■ **Problem**
All records below are to be transcribed exactly, with every picture left out.

■ **Data supplied**
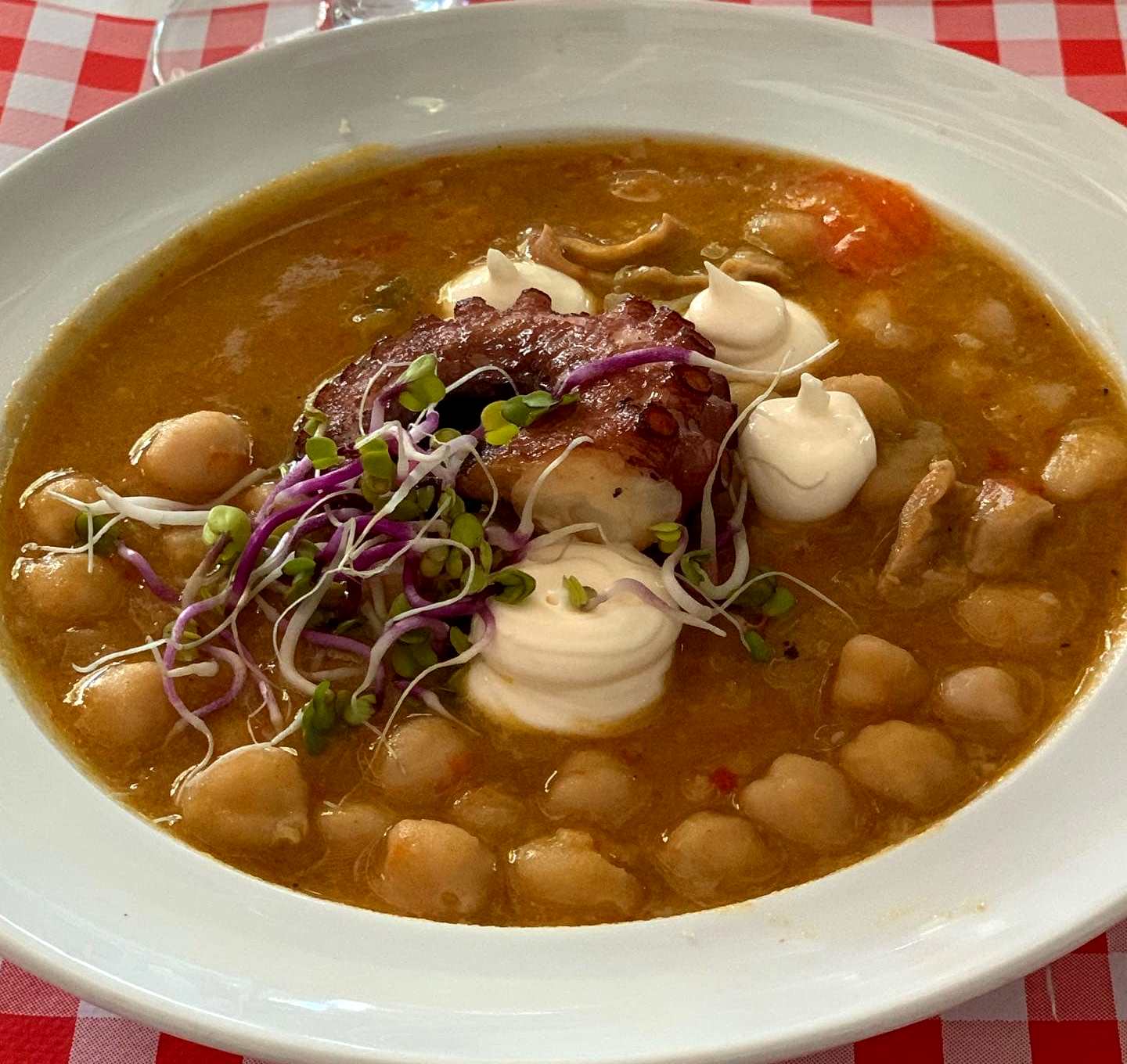 Un rico guiso de garbanzos de la cosecha de Cortijo de jara con pulpo y crema de curry, un plato riquísimo que realizó Monka.
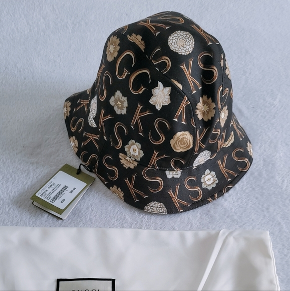 A new monogram emerged from the Ken Scott and Gucci collection displayed on this vegan canvas bucket hat. Ken Scott was an American designer who lived in Milan in the '60s and '70s and whose colorful floral drawings were reflective of his eclectic personality.
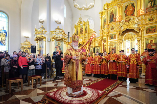 Патриарх Кирилл совершил литургию в Георгиевском соборе в Одинцове Московской области
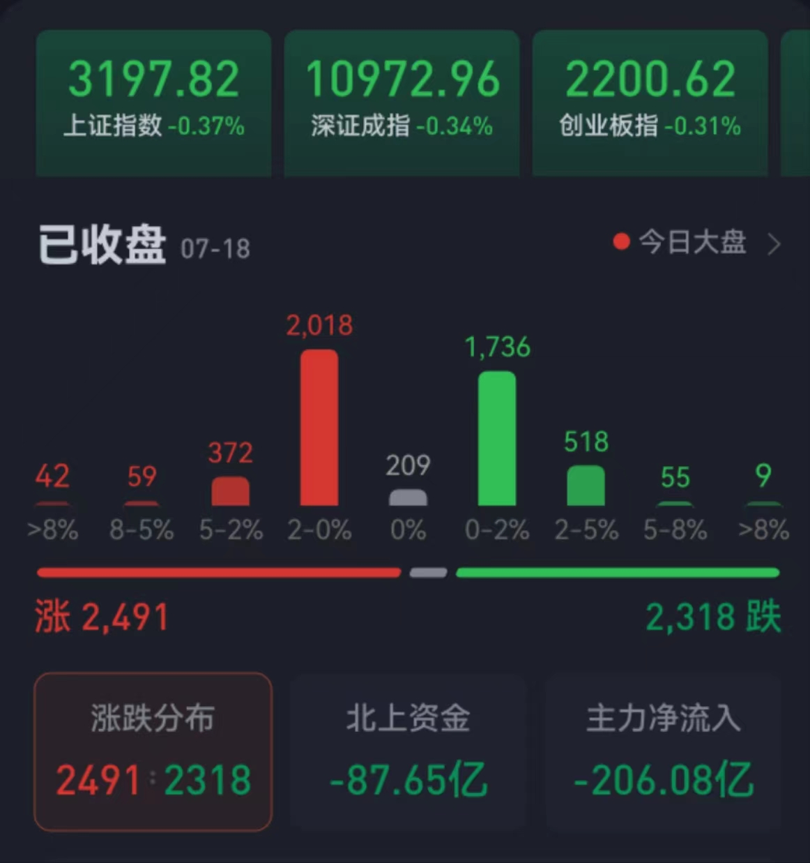 周二(7月18日),A股三大股指震蕩整理,略有下跌。截至收盤(pán),上證指數(shù)跌0.37%報(bào)3197.82點(diǎn),深證成指跌0.34%報(bào)10972.96點(diǎn),創(chuàng)業(yè)板指跌0.31%報(bào)2200.62點(diǎn);兩市合計(jì)成交金額達(dá)7771.3億元,北向資金凈賣(mài)出87.65億元。
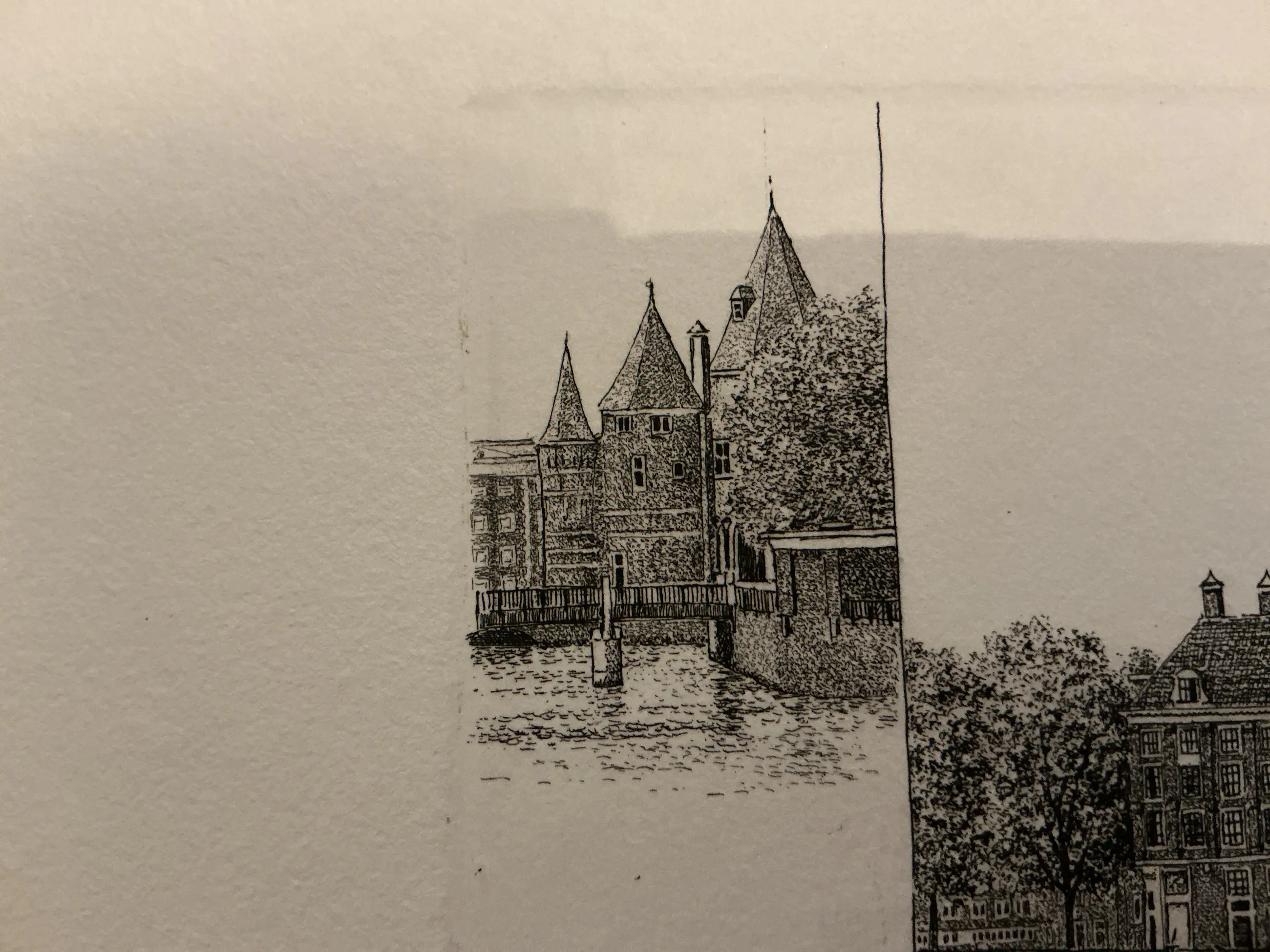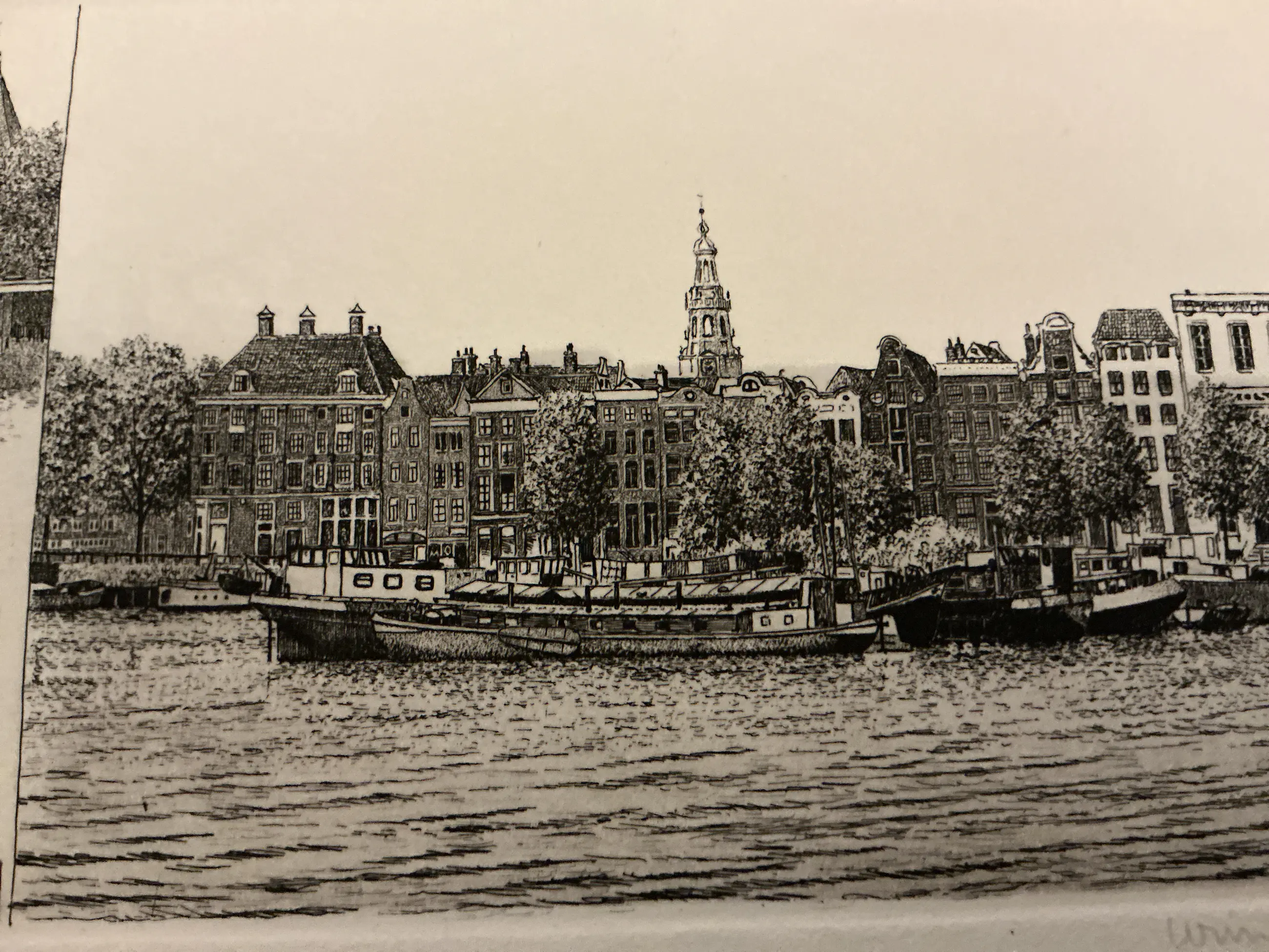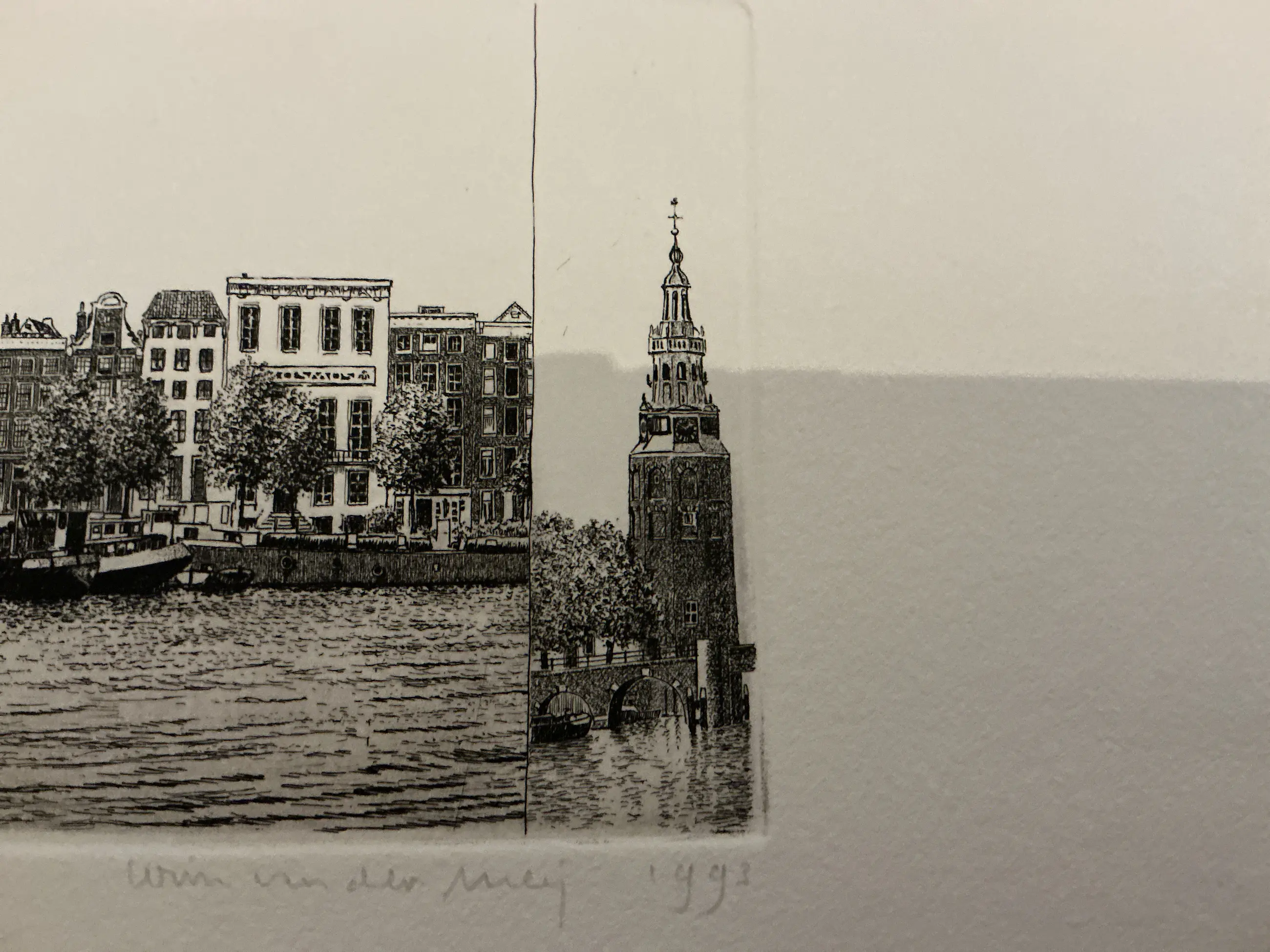 Verfijnde etsers, mooi uitgewerkt, diverse Amsterdamse herkenbare torens en kade. se
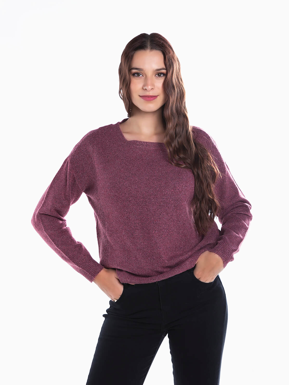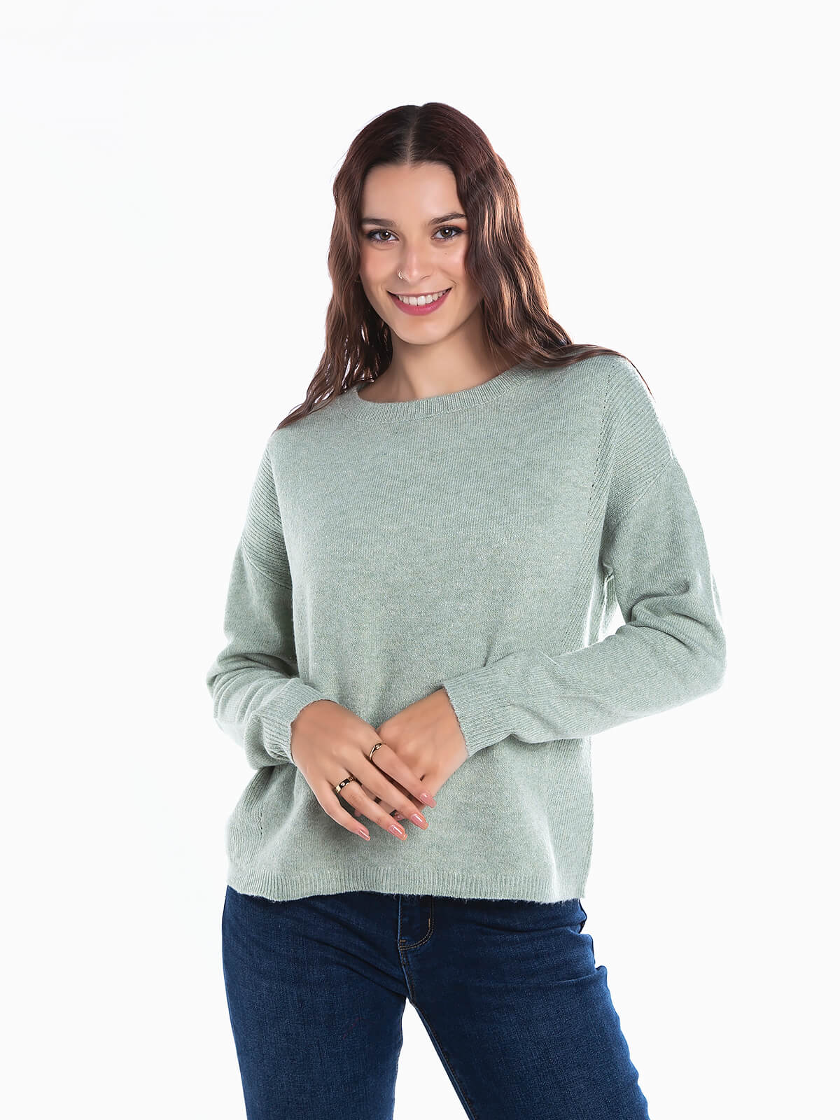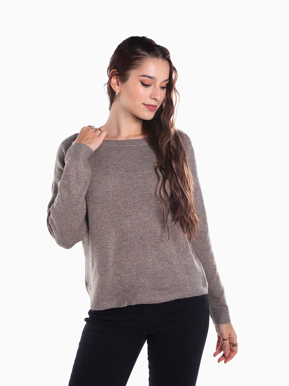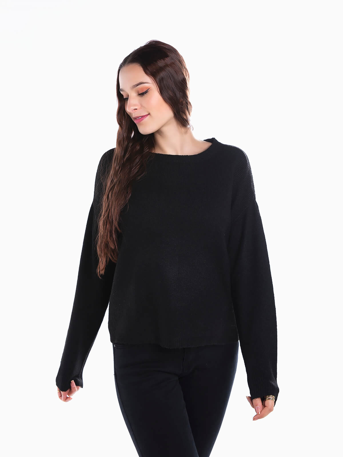 Camisola de malha com encaixe canelado nas extremidades. Camisola de manga comprida com decote redondo. Pormenores abertos. Ombros descaídos.
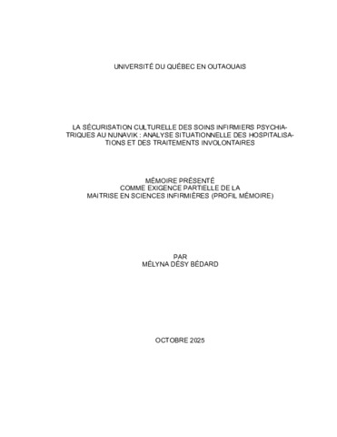 Désy Bédard, Mélyna (2025). La sécurisation culturelle des soins infirmiers psychiatriques au Nunavik : analyse situationnelle des hospitalisations et des traitements involontaires. Mémoire. Saint-Jérôme, Université du Québec en Outaouais, Département des sciences infirmières, 274 p.
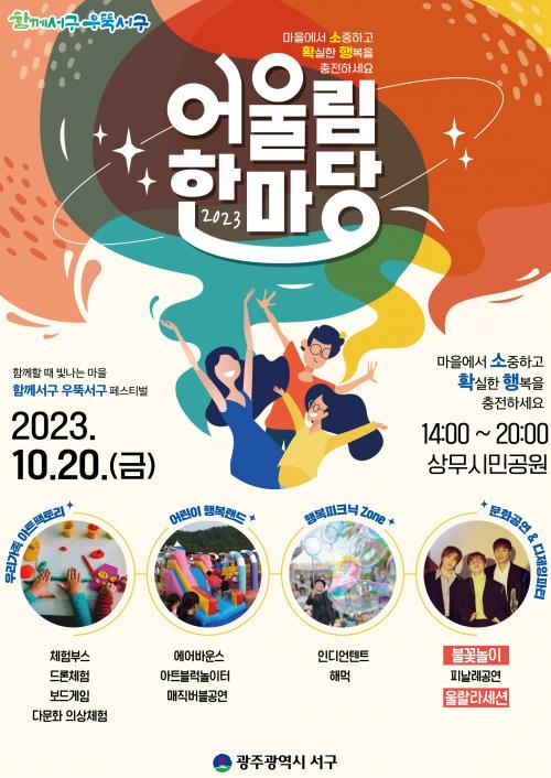 1ºÎ¿¡¼´Â Ŭ·¡½Ä ÇÁ·»Áî ¾î¸°ÀÌÇÕâ´ÜÀÇ ¡®10¿ùÀÇ ¾î´À ¸ÚÁø ³¯¿¡¡¯¿Í ¡®¹®¾îÀÇ ²Þ¡¯ °ø¿¬, Ä£Àýµµ½Ã ¼±¸ ¼±Æ÷½Ä, À¯°øÀÚ Ç¥Ã¢ µîÀÌ À̾îÁø´Ù. 2ºÎ¿¡¼´Â °ÅÁ¡µ¿-¿¬°èµ¿ÀÌ ±Ç¿ªº° ÆÀÀ» ÀÌ·ç°í ÁֹεéÀÌ Âü¿©ÇÏ´Â ¸í¶û¿îµ¿È¸¿Í 18°³ µ¿ ÁÖ¹ÎÀÚÄ¡(À§¿ø)ȸ°¡ Á÷Á¢ Á¦ÀÛÇÑ ¸¶À»È°µ¿ ¿µ»ó ÄÜÅ×½ºÆ® ½Ã»ó½ÄÀÌ ¿¸°´Ù. ¶Ç 3ºÎ¿¡¼´Â ¿ï¶ö¶ó¼¼¼Ç ÃÊû°ø¿¬, ¹êµå‧ºñº¸ÀÌ‧µðÁ¦Àׯį¼ µî ´Ù¾çÇÑ °ø¿¬, È·ÁÇÑ ºÒ²É³îÀ̰¡ ÆîÃÄÁø´Ù.

■ **Output**
 Un rico guiso de garbanzos de la cosecha de Cortijo de jara con pulpo y crema de curry, un plato riquísimo que realizó Monka.
 A new monogram emerged from the Ken Scott and Gucci collection displayed on this vegan canvas bucket hat. Ken Scott was an American designer who lived in Milan in the '60s and '70s and whose colorful floral drawings were reflective of his eclectic personality.
 Патриарх Кирилл совершил литургию в Георгиевском соборе в Одинцове Московской области
 周二(7月18日),A股三大股指震蕩整理,略有下跌。截至收盤(pán),上證指數(shù)跌0.37%報(bào)3197.82點(diǎn),深證成指跌0.34%報(bào)10972.96點(diǎn),創(chuàng)業(yè)板指跌0.31%報(bào)2200.62點(diǎn);兩市合計(jì)成交金額達(dá)7771.3億元,北向資金凈賣(mài)出87.65億元。
 Verfijnde etsers, mooi uitgewerkt, diverse Amsterdamse herkenbare torens en kade. se
 Camisola de malha com encaixe canelado nas extremidades. Camisola de manga comprida com decote redondo. Pormenores abertos. Ombros descaídos.
 Désy Bédard, Mélyna (2025). La sécurisation culturelle des soins infirmiers psychiatriques au Nunavik : analyse situationnelle des hospitalisations et des traitements involontaires. Mémoire. Saint-Jérôme, Université du Québec en Outaouais, Département des sciences infirmières, 274 p.
 1ºÎ¿¡¼´Â Ŭ·¡½Ä ÇÁ·»Áî ¾î¸°ÀÌÇÕâ´ÜÀÇ ¡®10¿ùÀÇ ¾î´À ¸ÚÁø ³¯¿¡¡¯¿Í ¡®¹®¾îÀÇ ²Þ¡¯ °ø¿¬, Ä£Àýµµ½Ã ¼±¸ ¼±Æ÷½Ä, À¯°øÀÚ Ç¥Ã¢ µîÀÌ À̾îÁø´Ù. 2ºÎ¿¡¼´Â °ÅÁ¡µ¿-¿¬°èµ¿ÀÌ ±Ç¿ªº° ÆÀÀ» ÀÌ·ç°í ÁֹεéÀÌ Âü¿©ÇÏ´Â ¸í¶û¿îµ¿È¸¿Í 18°³ µ¿ ÁÖ¹ÎÀÚÄ¡(À§¿ø)ȸ°¡ Á÷Á¢ Á¦ÀÛÇÑ ¸¶À»È°µ¿ ¿µ»ó ÄÜÅ×½ºÆ® ½Ã»ó½ÄÀÌ ¿¸°´Ù. ¶Ç 3ºÎ¿¡¼´Â ¿ï¶ö¶ó¼¼¼Ç ÃÊû°ø¿¬, ¹êµå‧ºñº¸ÀÌ‧µðÁ¦Àׯį¼ µî ´Ù¾çÇÑ °ø¿¬, È·ÁÇÑ ºÒ²É³îÀ̰¡ ÆîÃÄÁø´Ù.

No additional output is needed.